Showing posts with label process. Show all posts
Showing posts with label process. Show all posts

Sunday, October 27, 2024

Sunday Morning Reflection from the deck



I am sitting on the deck this morning with Cliff and a cup of coffee, trying to wake up on a Sunday morning. It's 57 degrees Fahrenheit out here and feels great. There are birds chirping and singing. There is a slight breeze. Leaves are on the table, the deck, and the yard. The fallen leaves are beautiful, as are the ones still hanging on for a little while longer in the trees.

There is a deck being built or re-built a few doors down and they are busy at work this morning with electric tools. That takes away from the nature sounds, but I can somewhat tune them out. 
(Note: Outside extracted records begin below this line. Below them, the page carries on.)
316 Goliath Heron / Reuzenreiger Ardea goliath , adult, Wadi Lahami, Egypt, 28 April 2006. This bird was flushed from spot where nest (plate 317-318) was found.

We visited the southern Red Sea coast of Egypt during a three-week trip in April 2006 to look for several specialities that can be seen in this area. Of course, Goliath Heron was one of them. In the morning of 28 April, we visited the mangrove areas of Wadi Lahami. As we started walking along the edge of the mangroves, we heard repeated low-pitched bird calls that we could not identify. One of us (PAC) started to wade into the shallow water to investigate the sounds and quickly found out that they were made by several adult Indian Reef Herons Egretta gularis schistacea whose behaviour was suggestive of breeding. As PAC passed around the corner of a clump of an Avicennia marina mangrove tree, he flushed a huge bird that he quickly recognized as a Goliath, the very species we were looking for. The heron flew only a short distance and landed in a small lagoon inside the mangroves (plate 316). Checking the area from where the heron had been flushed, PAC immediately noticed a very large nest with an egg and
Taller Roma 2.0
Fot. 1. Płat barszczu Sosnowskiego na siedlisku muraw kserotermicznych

There are some clouds in the sky this morning, a thin white cover over the blue background.

Every now and then I hear an acorn drop to the ground with a thud. I give thanks that I am not underneath that tree. :)
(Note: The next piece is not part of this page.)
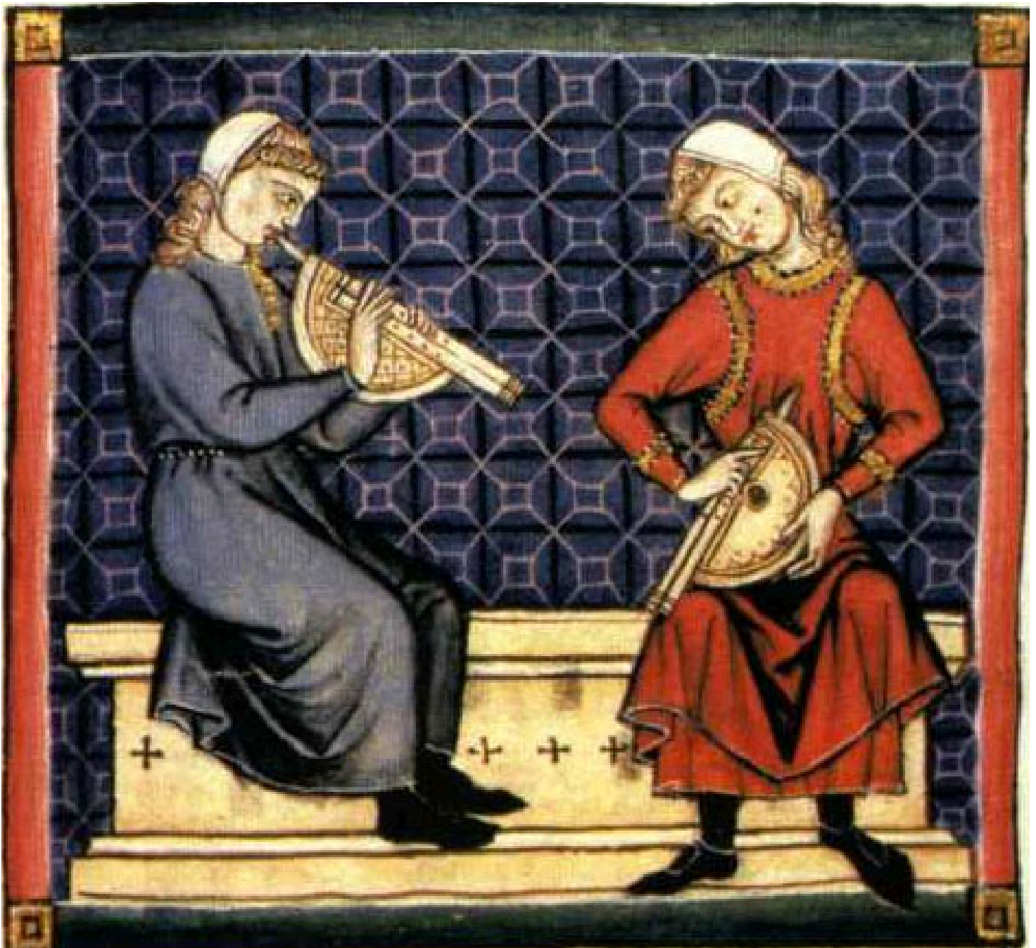
Średniowieczni muzycy grający na instrumencie podobnym do podwójnego klarnetu, autor nieznany

I look around me and see yellow, red, orange, brown, green and a mixture of stages in between.

As I contemplate the leaves this morning, I wonder what things in my life it's time to "drop off" or "let go". One of the quotes that were read at Bamboo Encounter yesterday was this one from Marilyn Wolf:

“When Autumn comes and the leaf starts to die, it is trying to let go of the branch. The tree doesn’t have to push it away, tear it off, or even nudge it. The leaf will let go and fall away when it’s time. It knows that it no longer serves the tree as a source of light and beauty and simply lets go.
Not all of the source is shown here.